By Mana Hosseini

Not long after Romina Yousefi moved to Canada from Iran, she decided to grab a coffee with a co-worker. A few minutes into the conversation, before Romina could even take a sip of her coffee, the co-worker abruptly asked, “Oh, where are you from?” 

Romina was shocked. Had she said something wrong? Where did that question come from? It filled her with shame and embarrassment. “He only asked that because I have an accent,” she thought. If only her parents had moved here when she was younger. If only she had gotten a chance to grow up here, to sound natural, to be normal.

The need to belong is a natural desire, especially when you don’t. This is a shared struggle most, if not all, Middle Eastern immigrants face in Canada. Canada claims to be a multicultural haven for immigrants, yet Middle Eastern immigrants feel pressured to assimilate to Western culture in order to find some acceptance within Canadian society. As a result, many struggle with their identities and sense of belonging. It is never easy to be an immigrant, not even in a land that defines itself by its immigrant population. 

In 2021, more than 400,000 immigrants received their Canadian permanent residency, and nearly 40 per cent of them were from the Middle East, according to CIC News

Marshia Akbar, a researcher on the economic and social integration of migrants in Canada, says although immigrants are grateful to find a new home, it comes at a cost. Canada is built on the foundation of colonization and racism. “The Canadian immigration policy has always been racist,” Akbar says, noting that until the late 1960s, non-European individuals were not allowed to migrate to Canada. 

Ukrainian refugees are being welcomed into European countries that were previously hostile towards Middle Eastern refugees, CBC News reports. Recent news coverage of the Ukraine invasion has compared Ukrainian and Middle Eastern refugees to prove that Ukrainians are eligible to enter European countries, arguing that Ukrainians look like themselves.

“These are Christians. They’re white. They’re very similar [to us],” said Kelly Cobiella, NBC News reporter. Although Canada’s immigration policy changed decades ago and welcomed Middle Eastern immigrants, many newcomers are still subjected to racism. 



Baran M. Hosseini, who immigrated to Canada from Iran almost 10 years ago, blames Western media for the negative stereotypes associated with Middle Eastern people. “There is not much media coverage, and if there is, it’s always about terrorism and not anything good,” she says. Middle Eastern immigrants are directly affected by negative portrayals which determine how they are treated and viewed by Canadians. 
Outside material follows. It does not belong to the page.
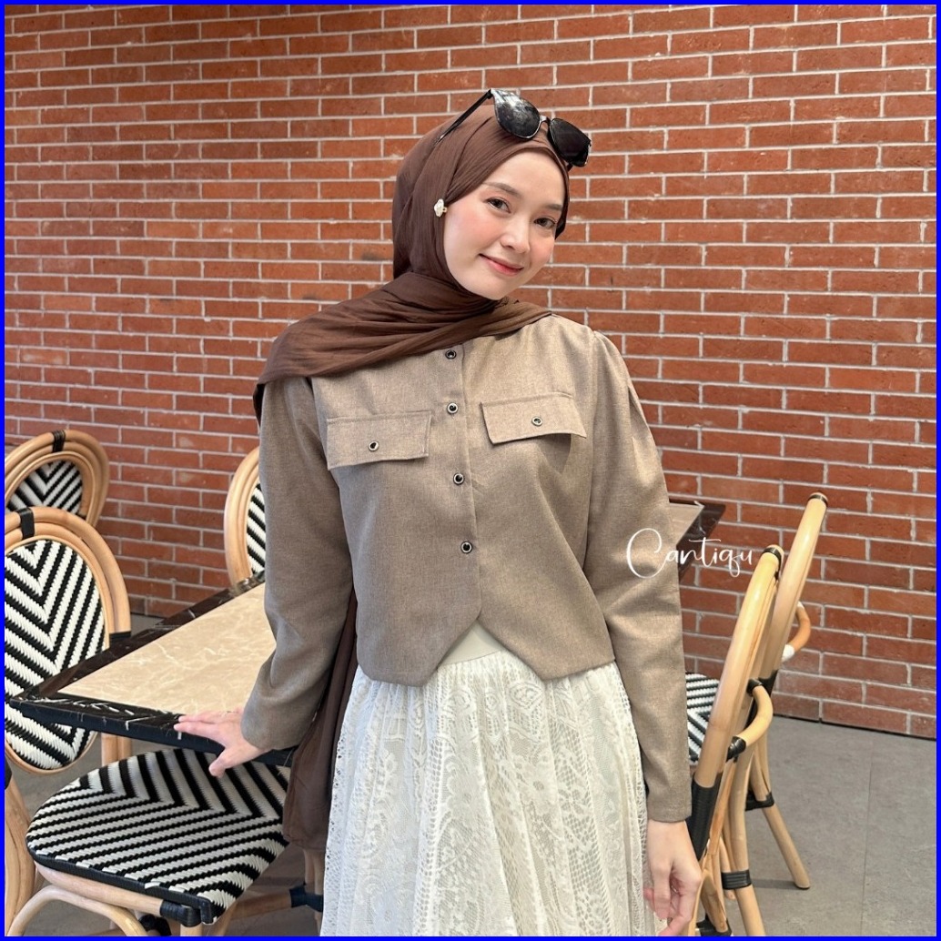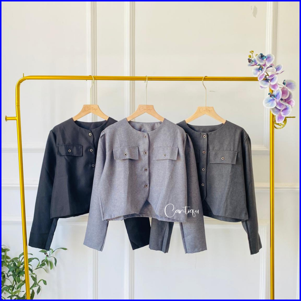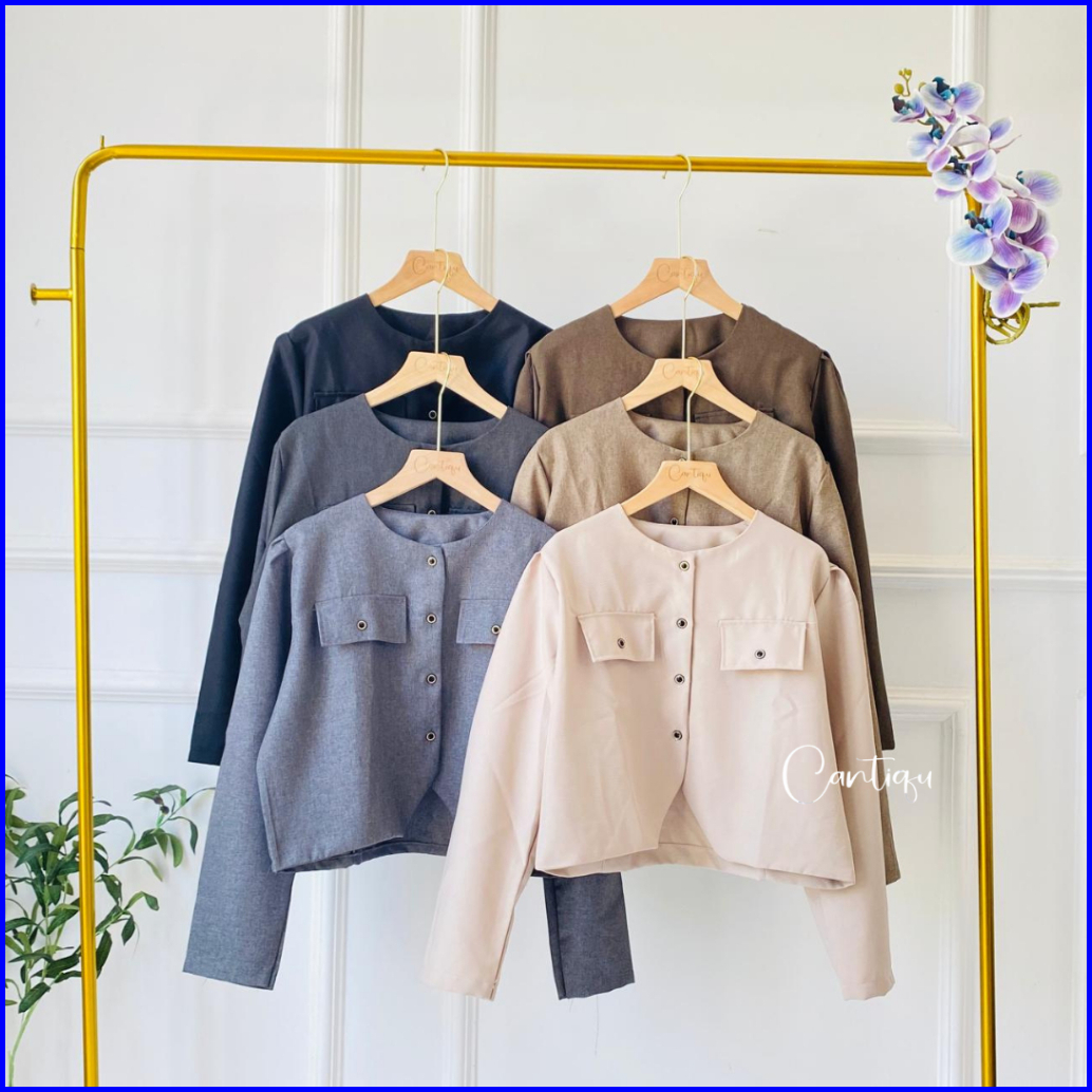Cantiqu - Alina Outer Button Pakaian Wanita Kemeja Blazer Jumbo Crop Lengan Panjang
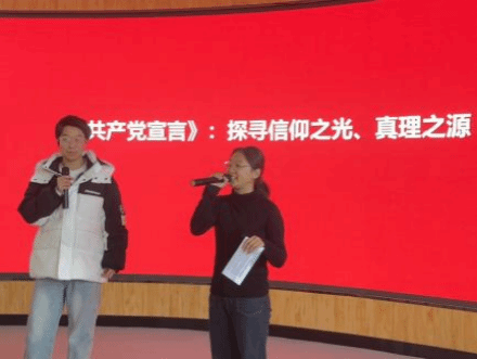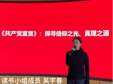 随后,学生代表依次围绕《共产党宣言》的读书心得作了分享交流。他们或深情讲述书中理论对自己思想的启迪,或生动描绘经典段落引发的思考,展现了新时代青年学生对马克思主义理论的深刻理解和独到见解。

Hosseini adds that Canadian society puts a lot of emphasis on people’s skin colour and ethnicity, and pressures immigrants to identify with distinct groups of society based on the two. “When I was in Iran, I never thought I had to fit in a mold or identify as something specific,” she says. But when she came to Canada, Hosseini was forced to identify where she fit in. “If I say I’m white, nothing about white culture resonates with me. If I say I’m brown, I don’t look brown. I can be white-passing.” As a result, Hosseini continues to struggle with her identity and has given up trying to find an answer. “That’s how I cope with it, but it doesn’t mean I’m past that confusion,” she says. “I think it will always be with me.”

“Canada has provided [immigrants] with so much that they don’t have a reason to complain about the loss of identity.”

Almira Siddiqui

Almira Siddiqui has also had a difficult time discovering where she fits in. Growing up in Canada, Siddiqui’s Pakistani heritage was often ignored and rarely discussed in her household. Siddiqui’s mother had “completely assimilated to Canadian culture” and rejected her own. That mindset was passed on to Siddiqui and played a prominent role in shaping her identity. “When I was growing up, I didn’t like to be associated with Pakistan at all,” she says. “People would call me ‘coconut’ and ‘white-washed,’ and I prided myself on that.” 

Siddiqui eventually moved past that mindset when she attended a Muslim school and learned more about her culture and her people. Although Siddiqui still has trouble connecting with her roots, she now has “a more balanced identity” compared to when she was a child. 

Siddiqui explains her journey of connecting with her Pakistani culture

Akbar insists that the need to be validated and accepted within Canadian society is not the only reason behind cultural assimilation. Newcomers must find financial stability to survive, something that can only be achieved through a job. However, it is not easy to find a job as an immigrant due to cultural and language barriers. Therefore, immigrants are forced to look and act like a “Canadian” to break down those barriers. 

The struggles and confusions that come with immigration are quite common in Middle Eastern communities — yet anyone rarely talks about them. Siddiqui has a theory as to why. “Canada has provided [immigrants] with so much that they don’t have a reason to complain about the loss of identity,” Siddiqui says, noting that this loss seems like “a small price to pay” for the new lives immigrants have been given. 

Even after 14 years of living in Canada, Akbar still struggles, because being an immigrant will never become easier — what becomes easier is dealing with the challenges of immigration.

“It’s not that with time the challenges disappear,” Akbar emphasizes, “challenges will always be there.” 

Baran M. Hosseini has no relation with the writer.